Any pictures in the records below must be left out when you repeat the lines from the line containing "苗栗县后备指挥部6月17日的" through the line containing "游戏的核心魅力在于动物塔的化" exactly.
____ DATA TO PROCESS
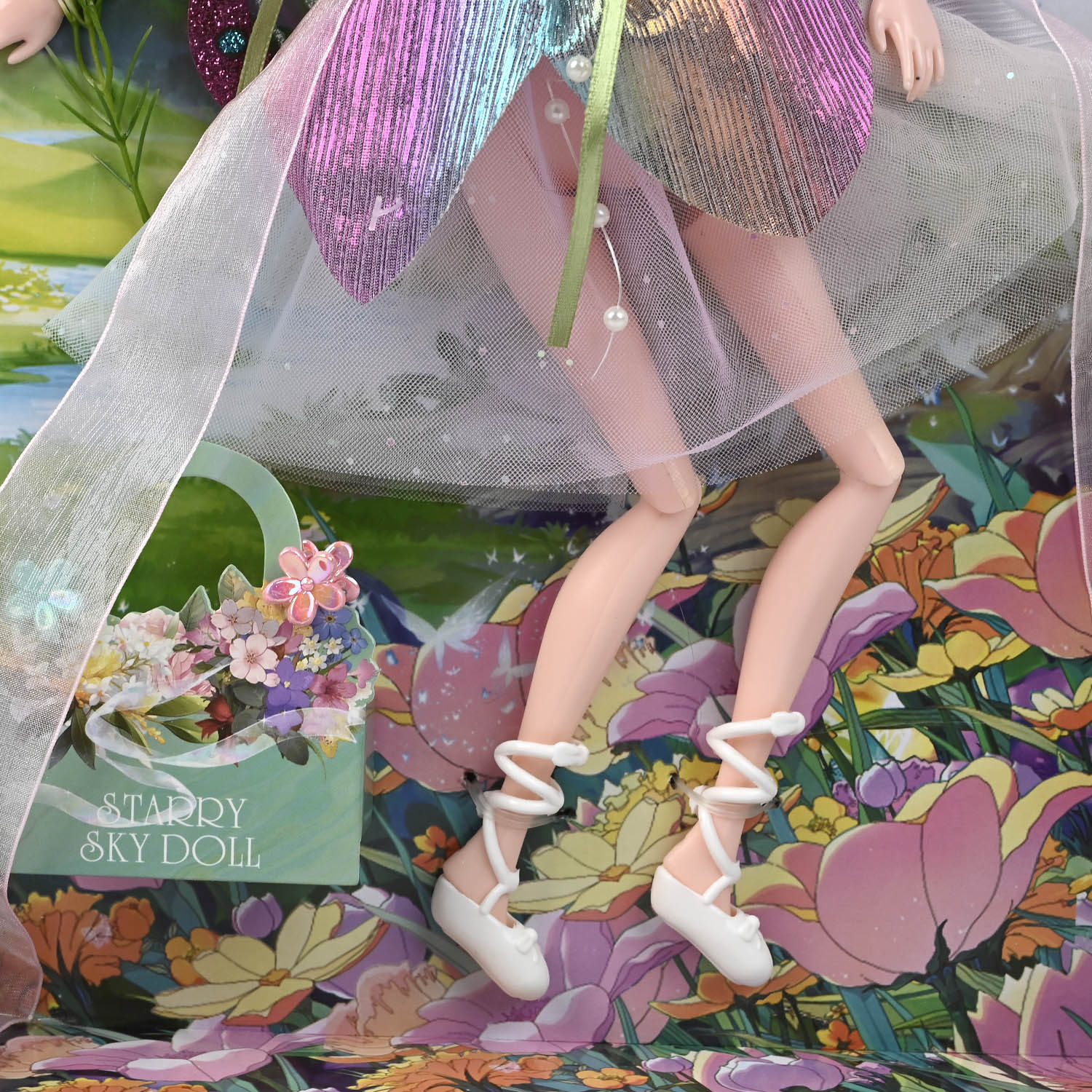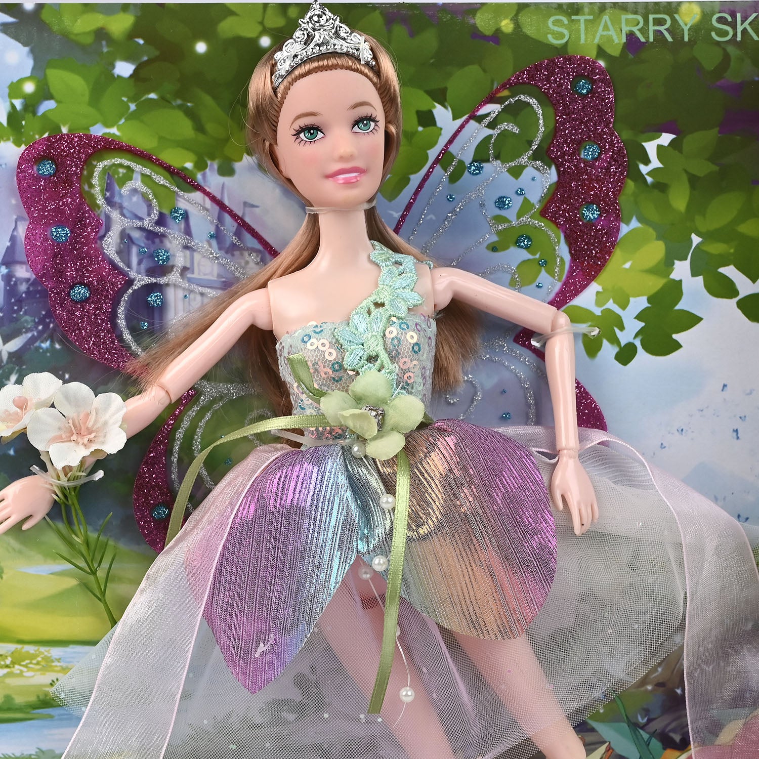 A charming fairy doll with sparkling wings, a colorful pastel dress, and delicate flower details. Perfect for collectors who appreciate magical, whimsical designs.
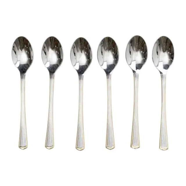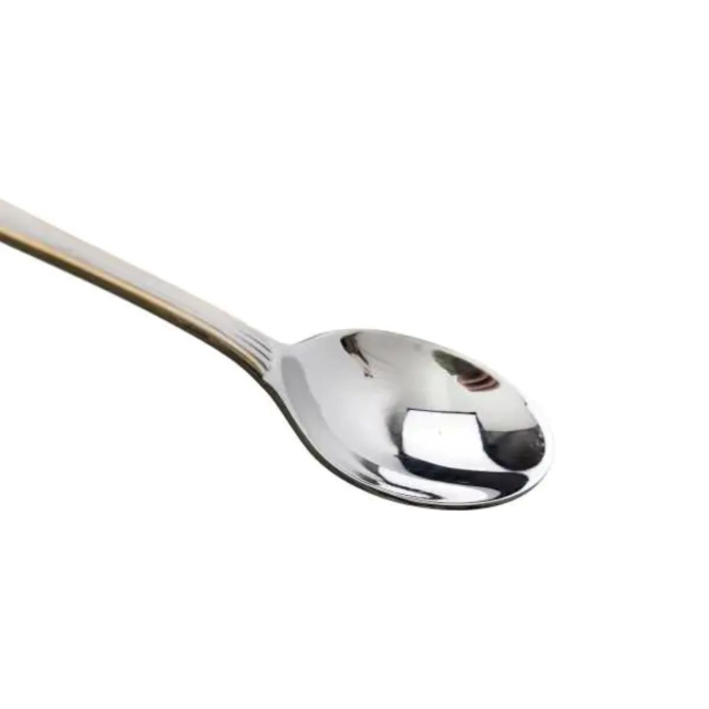 Набор чайных ложек состоит из 6 штук, упакованных в блистерную упаковку, что обеспечивает удобное хранение и защиту во время транспортировки. Ложки изготовлены из высококачественного металла с серебристым покрытием, что придает им элегантный вид. Ручки украшены золотистыми элементами, выполненными в классическом стиле, что придает особый шарм каждой ложке. Основные характеристики: Количество предметов в наборе: 6 шт.; Количество персон: 6; Длина: 15.3 см; Материал: нержавеющая сталь; Упаковка: пакет. Размер каждой ложки оптимальный для использования во время чаепития, а также подходит для десертов или легких закусок. Легко чистится, что делает их практичными для ежедневного использования. Классический дизайн подходит для различных интерьеров, добавляя изысканности столовым приборам. Для ухода за изделием рекомендуется использовать мягкие моющие средства, не повреждающие покрытие. После мытья лучше вытирать ложки досуха, чтобы сохранить их блеск и продлить срок службы.
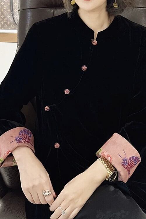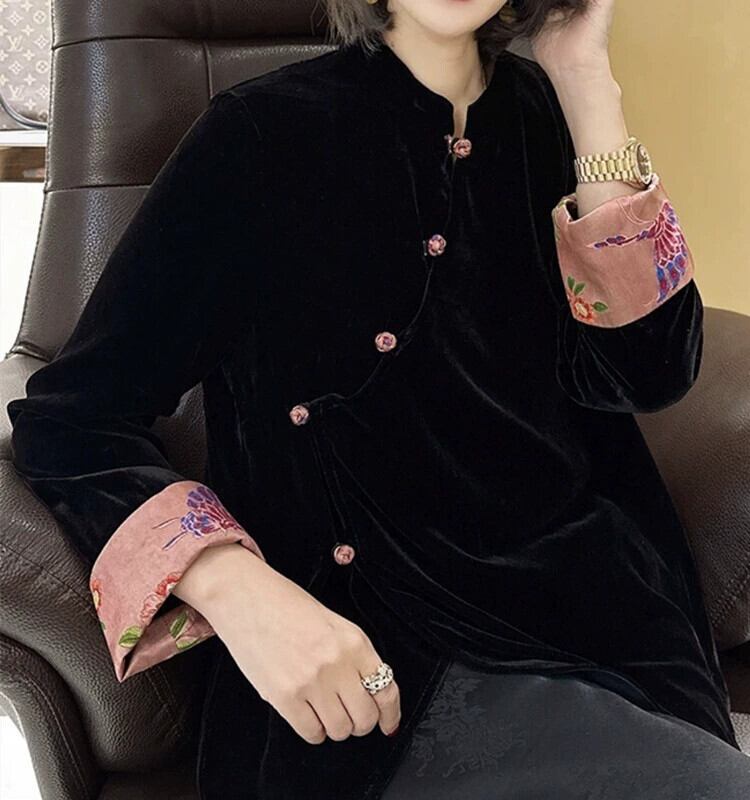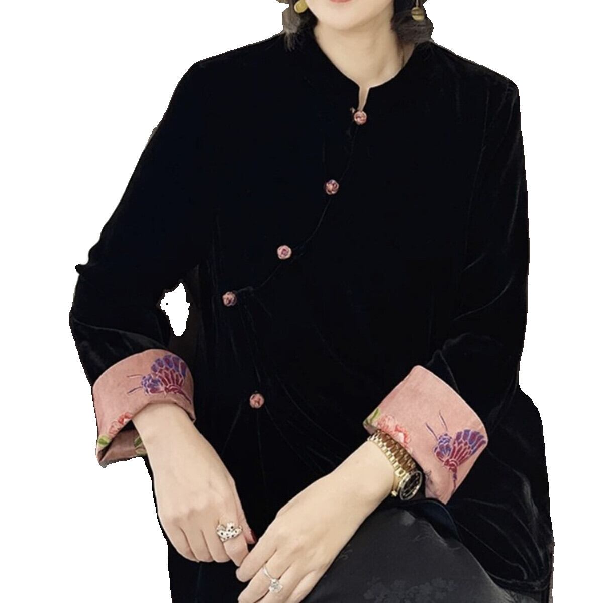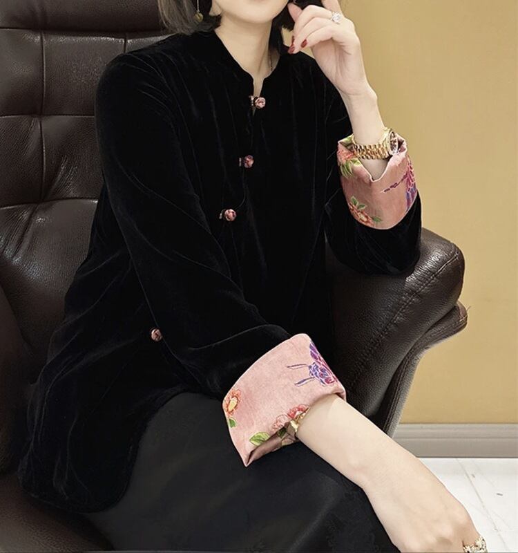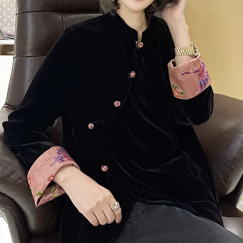 2024 中国風の新中国風のベルベット歌錦ジャケット女性の春と秋の新スタイルレトロライト高級気質ルーズ長袖トップ ロング スプリング 春物 オータム 秋物 トップス シャツ takotako20180208b17843049245
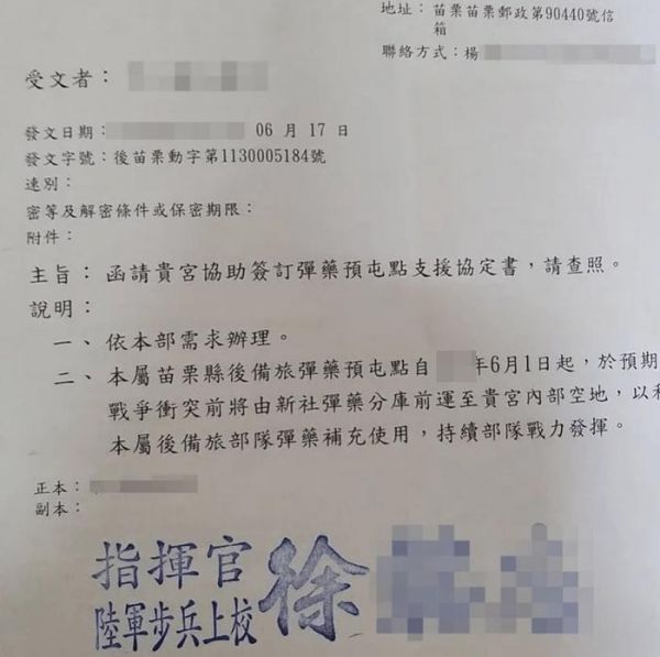 苗栗县后备指挥部6月17日的函文显示,该函主旨为函请某宫庙协助签订弹药预屯点支援协定书。公文称,苗栗县后备旅弹药预屯点今年6月1日起,“预期战争冲突前”,将由新社分库前运至宫庙内部空地,以便后备旅部队弹药补充使用,持续部队战力发挥。
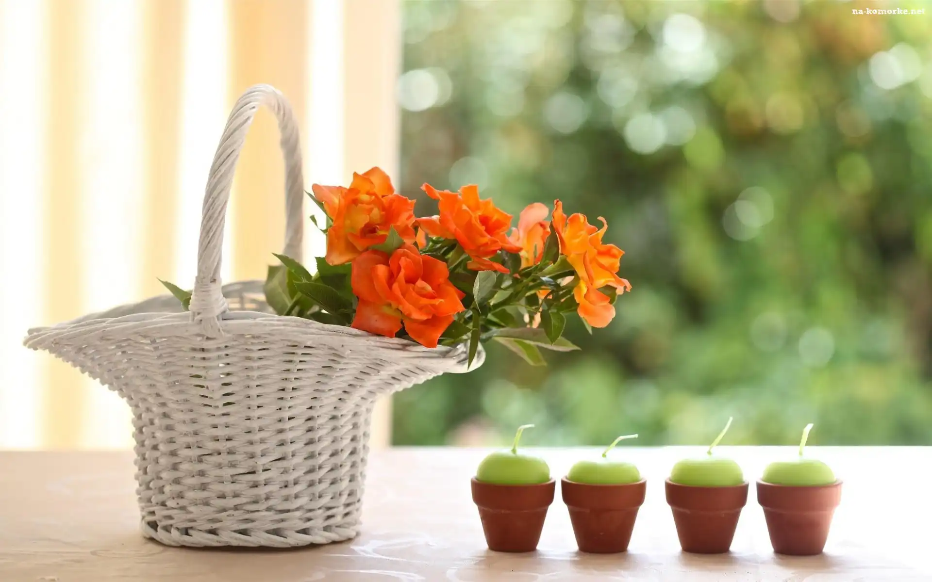 Cztery, Bukiet, Koszyczek, Kompozycja, Róż, Świeczki na Komórkę
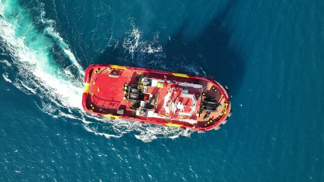 Aerial drone video of assistive tug boat cruising near Mediterranean logistics port
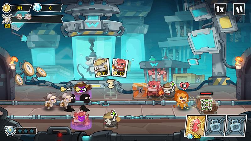 游戏的核心魅力在于动物塔的化学反应组合机制,拥有超过40种不同类型的动物防御塔,能够触发多样元素反应。例如,熊猫与老虎搭配能够引发燃烧效果,企鹅配合乌龟则实现冰冻控制。场景交互方面设计突破传统界限,篝火、暴风雪等环境因素不仅增强场景氛围,还能转化为战术资源。跨界合作也为游戏增色——人气漫画中的狗角色作为反派助手加入,提升剧情张力。全场有超过100个关卡,设有隐藏道具和多重胜利条件,随着难度递增,策略深度逐步释放。创新的移动塔防系统要求玩家在开拓路线和防御部署中同步兼顾,增添操作趣味。
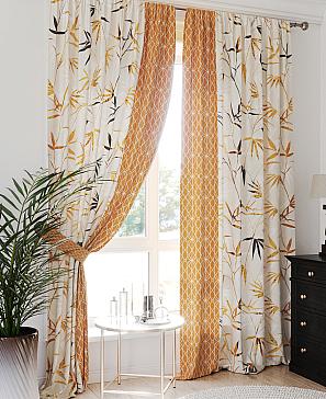 Портьера 2 шт. Подхват - доп.услуга. Комплект штор из легкой портьерной ткани (габардин) оформлен печатным рисунком. Печатный рисунок дает широкие возможности обновить интерьер фактически нет требуя ремонта за счет огромного выбора. Ткани с печатным рисунком безопасны и не содержат токсичных веществ. Не смотря на то что, материал легкий, он имеет высокую плотность, мало загрязнятся и не требует особого ухода даже после стирки, что важно для кухонных занавесок. Шторы не выцветают, не растягиваются, превосходно драпируются, образуя струящиеся складки. Прекрасное решение для создания красоты и уюта с помощью уникальных дизайнов.
________
_OUTPUT FOR THIS EXERCISE:_
 苗栗县后备指挥部6月17日的函文显示,该函主旨为函请某宫庙协助签订弹药预屯点支援协定书。公文称,苗栗县后备旅弹药预屯点今年6月1日起,“预期战争冲突前”,将由新社分库前运至宫庙内部空地,以便后备旅部队弹药补充使用,持续部队战力发挥。
 Cztery, Bukiet, Koszyczek, Kompozycja, Róż, Świeczki na Komórkę
 Aerial drone video of assistive tug boat cruising near Mediterranean logistics port
 游戏的核心魅力在于动物塔的化学反应组合机制,拥有超过40种不同类型的动物防御塔,能够触发多样元素反应。例如,熊猫与老虎搭配能够引发燃烧效果,企鹅配合乌龟则实现冰冻控制。场景交互方面设计突破传统界限,篝火、暴风雪等环境因素不仅增强场景氛围,还能转化为战术资源。跨界合作也为游戏增色——人气漫画中的狗角色作为反派助手加入,提升剧情张力。全场有超过100个关卡,设有隐藏道具和多重胜利条件,随着难度递增,策略深度逐步释放。创新的移动塔防系统要求玩家在开拓路线和防御部署中同步兼顾,增添操作趣味。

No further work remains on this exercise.